2
votes

I am trying to read a csv from Azure blob into Python as a stream and write it back to Azure blob directly. Read operation works perfectly fine butwriting output stream just writes an empty file into the blob. The following code works until print(df) but not after that.

Below is the code:

Code:

from io import BytesIO, StringIO

with BytesIO() as input_blob:   

  with BytesIO() as output_blob:

    block_blob_service = BlockBlobService(account_name='aaaccc', account_key='*/*/*--')

    block_blob_service.get_blob_to_stream('test', 'Source.csv', input_blob)

    input_blob.seek(0)

    df=pd.read_csv(input_blob)

    print(df)

    copyfileobj(input_blob, output_blob)

    block_blob_service.create_blob_from_stream('test', 'OutFilePy.csv', output_blob)
1
what does copyfileobj function do? can you edit your question and paste the definition of that?Saher Ahwal
@Saher, copyfileobj copies the input stream to output stream.. I am trying to write the copied output_blob into blob storage but it just writes an empty fileAngiSen
I think the problem may be input_blob's cursor is at EOF after pd.read_csv.

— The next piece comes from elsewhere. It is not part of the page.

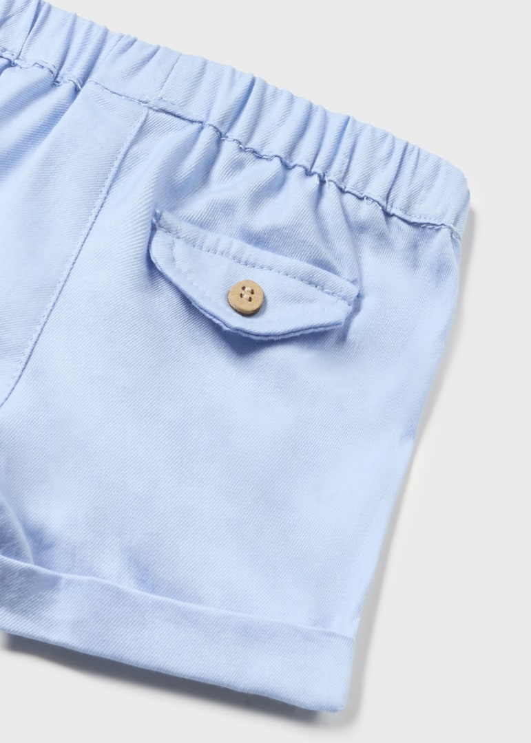 Pantalón de tipo bermuda con goma elástica en la cintura para un mejor ajuste. Detalle de bajo con vuelta. Bolsillo simulado decorativo en la parte trasera.

A input_blob.seek(0) after read_csv maybe helpful.Sraw
Fantastic Sraw, it works!! one last question... what if i have to make some operations on dataframe and write the modified dataframe as stream into blob?AngiSen
@Sraw You could move your comment to the answer to help more community members to find, thanks.Joy Wang-MSFT

1 Answers

4
votes

The problem is that after pd.read_csv, the cursor of input_blob is at EOF. So copyfileobj just copy nothing to output_blob.

You can just add an input_blob.seek(0) after read_csv to fix this problem.